What to do>
I need the lines from the one holding "Physical examination revealed" to the last line of the data below repeated exactly, both included, without pictures.

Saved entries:
++++++++++++++++++++
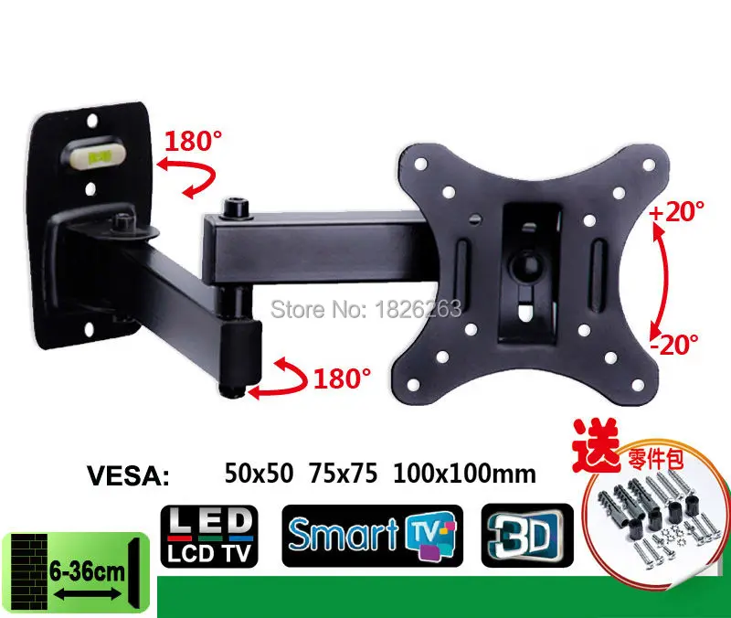 Comprar Soporte de pared para Monitor LCD LED de 10 a 26 pulgadas, base giratoria de movimiento completo, brazo oscilante, carga VESA de 50/75/100mm, 10kg
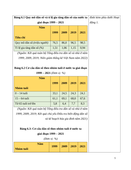 thác Hình 6.1, Bảng 6.1 – 6.3, thông tin mục I.1, 2, 3 SGK của các nhóm về đặc tr.29 – 33. điểm dân số Việt Nam 4
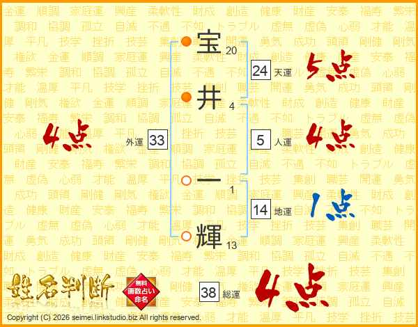 生活面を象徴する運勢です。外部から受ける影響力を表し、結婚運、家庭運や職場、環境への順応性を表します。総運から人運を引いた画数。姓や名が1文字の場合を除く。
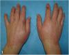 Physical examination revealed erythematous, scaly plaques with marked lichenification on the dorsa of the hands and lateral aspects of the fingers. Superficial fissures were also observed on the fingers (Fig. 1).
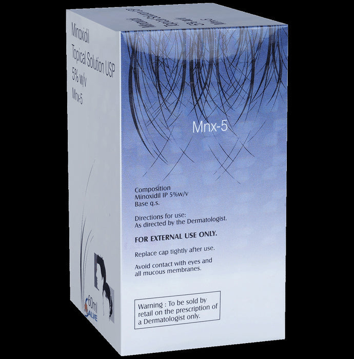 MNX 5 Solution is a potassium channel opener. Its vasodilation action expands the blood vessels. Therefore, when it is applied to the scalp, it helps to increase blood flow. This increased blood flow provides more nutrition and oxygen to the hair follicles, which prevents hair cell death and also enhances new hair growth. This is how it works to treat your alopecia (hair loss).
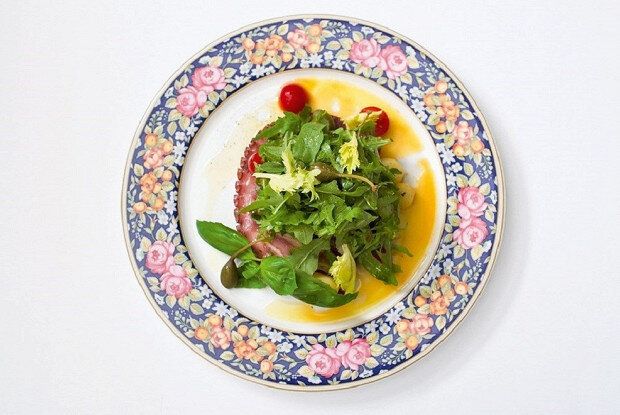 8. Украсить каперсами, листьями базилика и сельдерея, поперчить и подать к столу, пока блюдо еще теплое.
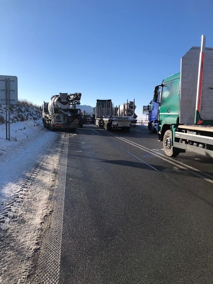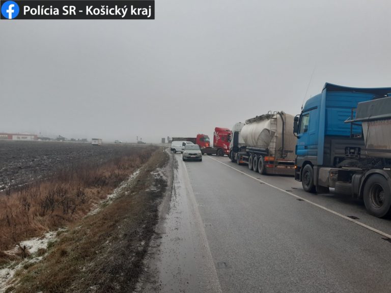 Pohľad na kamióny blokujúce cestu z Košíc v smere do Maďarska v rámci pokračujúceho štrajku zástupcov Únie autodopravcov Slovenska (UNAS) proti daňovému zaťaženiu, ktorý podporili tiež zástupcovia Iniciatívy poľnohospodárov. Košice, 9. január 2020. Foto: SITA/Ivan Fleischer
++++++++++++++++++++
Task solution>
 Physical examination revealed erythematous, scaly plaques with marked lichenification on the dorsa of the hands and lateral aspects of the fingers. Superficial fissures were also observed on the fingers (Fig. 1).
 MNX 5 Solution is a potassium channel opener. Its vasodilation action expands the blood vessels. Therefore, when it is applied to the scalp, it helps to increase blood flow. This increased blood flow provides more nutrition and oxygen to the hair follicles, which prevents hair cell death and also enhances new hair growth. This is how it works to treat your alopecia (hair loss).
 8. Украсить каперсами, листьями базилика и сельдерея, поперчить и подать к столу, пока блюдо еще теплое.
 Pohľad na kamióny blokujúce cestu z Košíc v smere do Maďarska v rámci pokračujúceho štrajku zástupcov Únie autodopravcov Slovenska (UNAS) proti daňovému zaťaženiu, ktorý podporili tiež zástupcovia Iniciatívy poľnohospodárov. Košice, 9. január 2020. Foto: SITA/Ivan Fleischer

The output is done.